[PROBLEM DESCRIPTION]: With the pictures omitted, repeat exactly the lines below starting with the line that has "Dieser Armreif lässt" and going on through the line that has "На текущий момент".
···
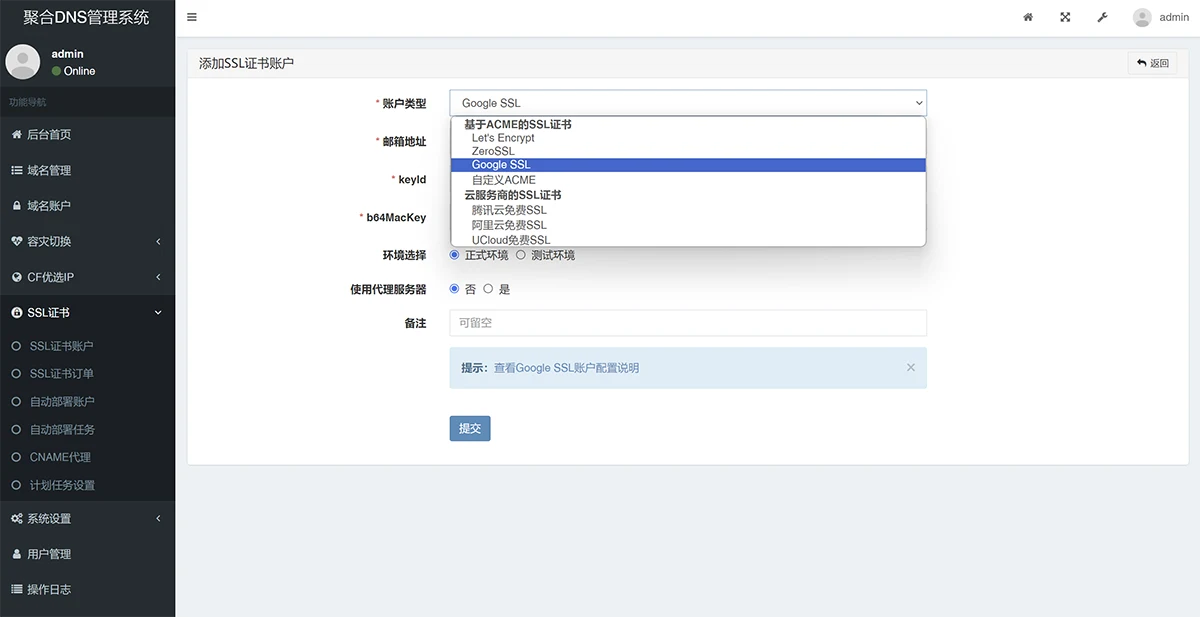 Let’s Encrypt、ZeroSSL、Google SSL、自定义ACME、腾讯云免费SSL、阿里云免费SSL、UCloud免费SSL…
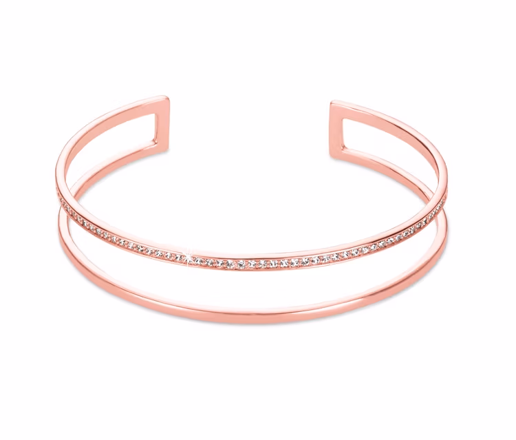 Dieser Armreif lässt Damenherzen höherschlagen: Dank zwei zierlicher Spangen, die sich elegant um den Arm legen, wirkt das Schmuckstück besonders modern. Eine Reihe funkelnder Zirkonia sorgt für ein zusätzliches Strahlen, währen die Rosévergoldung des Armreifs die Spangen harmonisch verbindet. Besonders schön: Die Einheitsgröße des Armreifs sorgt dafür, dass er an jeden Arm passt.
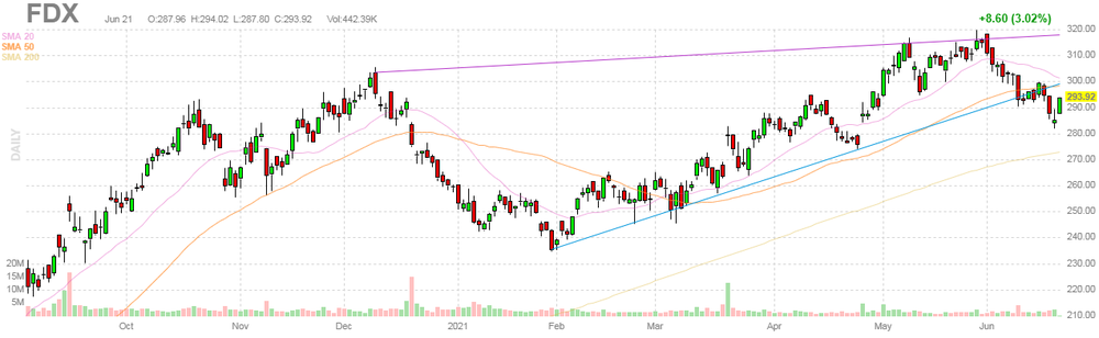 На текущий момент акции FDX котируются по $293.92 (+3.02%).
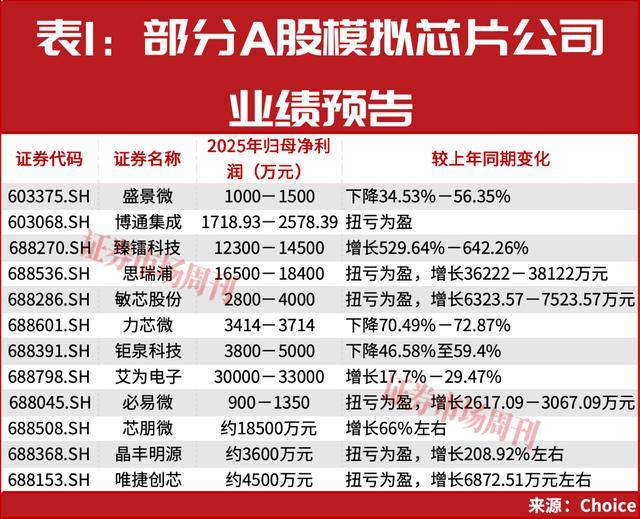 随着近两年存储芯片涨价潮带动,模拟芯片价格逐渐企稳。2025年业绩预告显示,多家模拟芯片厂商业绩大增或扭亏为盈。
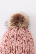 Dust rose cable knit pom pom beanie hat baby toddler adult
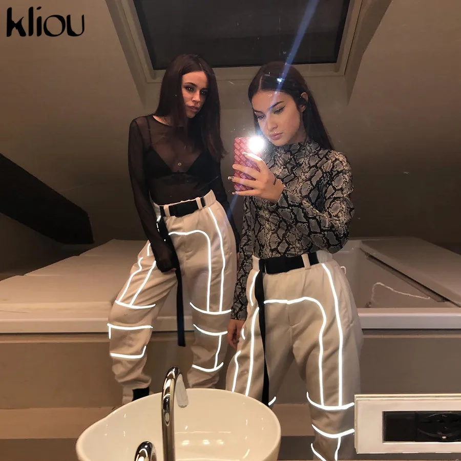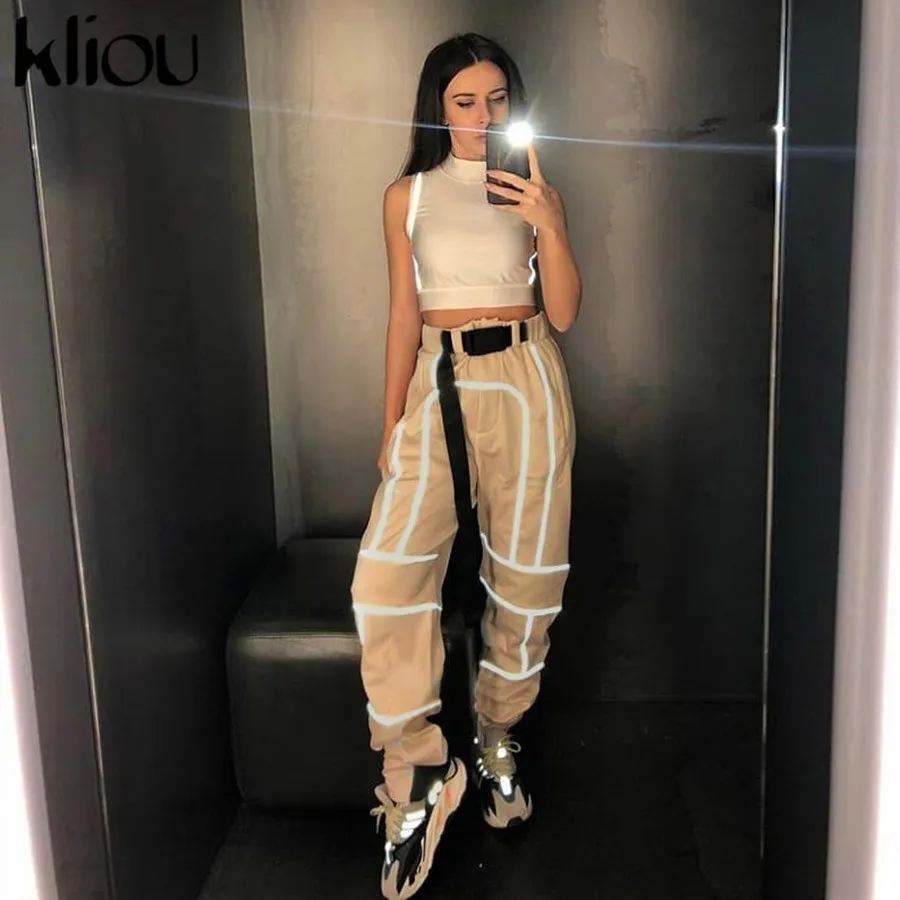 Product Name: Kliou femmes mode rue réfléchissant patchwork cargo pantalon 2019 nouveauté veste pour homme avec ceintures poches tricoté pantalon
···
[REPLY TO THE EXERCISE]:
 Dieser Armreif lässt Damenherzen höherschlagen: Dank zwei zierlicher Spangen, die sich elegant um den Arm legen, wirkt das Schmuckstück besonders modern. Eine Reihe funkelnder Zirkonia sorgt für ein zusätzliches Strahlen, währen die Rosévergoldung des Armreifs die Spangen harmonisch verbindet. Besonders schön: Die Einheitsgröße des Armreifs sorgt dafür, dass er an jeden Arm passt.
 На текущий момент акции FDX котируются по $293.92 (+3.02%).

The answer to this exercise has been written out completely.